Liverpool Daily Post
In The Valley of Elah
Cert. 15, 124 mins
Stars: Tommy Lee Jones, Charlize Theron, Jason Patric, Susan Sarandon, James Franco, Barry Corbin, Josh Brolin, Frances Fisher, Wes Chatham, Jake McLaughlin, Mehcad Brooks
Directed by Paul Haggis
I THOUGHT it was a Biblical epic when I first heard the title, the Valley of Elah being the place where David met Goliath.
There is a reference to that incident in the movie, but this is a contemporary story and a tough one at that.
Based on real events, it follows the case of an American soldier who went missing shortly after returning from the Iraq war.
It is a sort of whodunit with a touch of CSI, a modern tale of war and trauma, a family story and, above all, a search for justice.
As such, it wanders all over the place and you never know where it is going to end.
There are corkscrew twists, powerful performances and a sense of desperation.
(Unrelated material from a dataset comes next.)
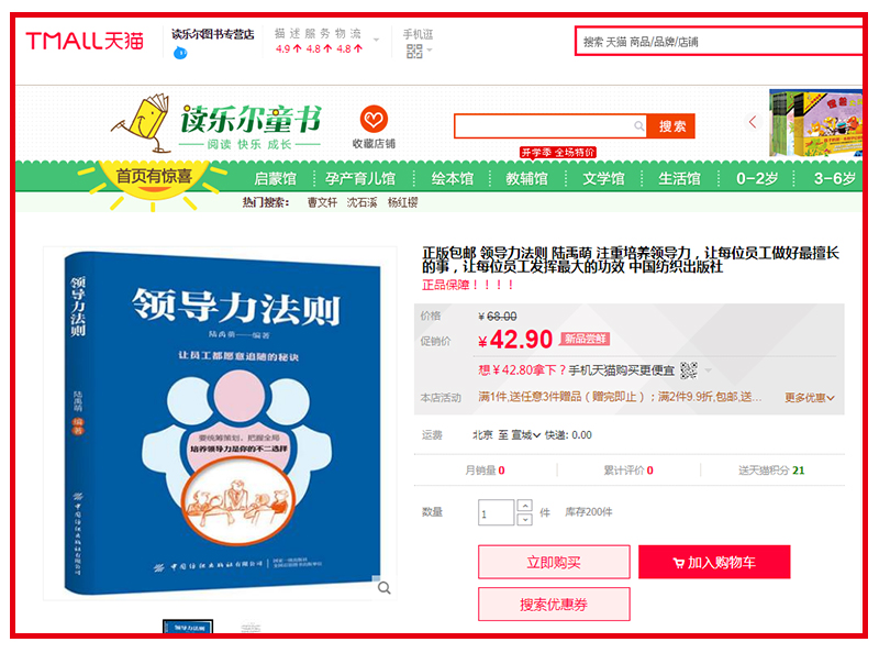 据出书大师网最新消息,《领导力法则》一书在在完成策划出版工作之后,目前已全面上架天猫、京东和1号店等权威网络销售平台,相信在出书大师网的联动推广下,此书定能给大家带来不一样的“领导力法则”全解。

It’s a typical feel-bad movie.
Written by Mark Boal (on whose Playboy story the film is based), and Paul Haggis (who also directs), In The Valley of Elah is held together by its central performance of Oscar- nominated Tommy Lee Jones.
In a role originally planned for Clint Eastwood (who eerily has the same battered good looks of Jones), Jones plays a father who is woken early one morning with news that his soldier son has gone AWOL.
This comes as a surprise to Jones’s character, Hank, who thought his son was still in Iraq.
He had not heard from him, which he knew he would if he had returned.
As a former Army man himself and a military policeman at that, a weary Jones begins to investigate, generally coming up against a blank wall.
The people he used to know in the Army are no longer in position, and those who are appear unwilling to help.
He eventually seeks assistance from a female police detective (Charlize Theron, on good form) whose male colleagues give her all the silly cases to investigate.
Eventually, the son turns up dead – murdered – on Army property, leaving the Army to investigate and do a cover-up job.
Jones and Theron join forces and the truth finally emerges. Jones is excellent in the lead, and an underused Susan Sarandon, left, emotes well as his wife.
It is a rambling tale, but well told, and ultimately quite moving.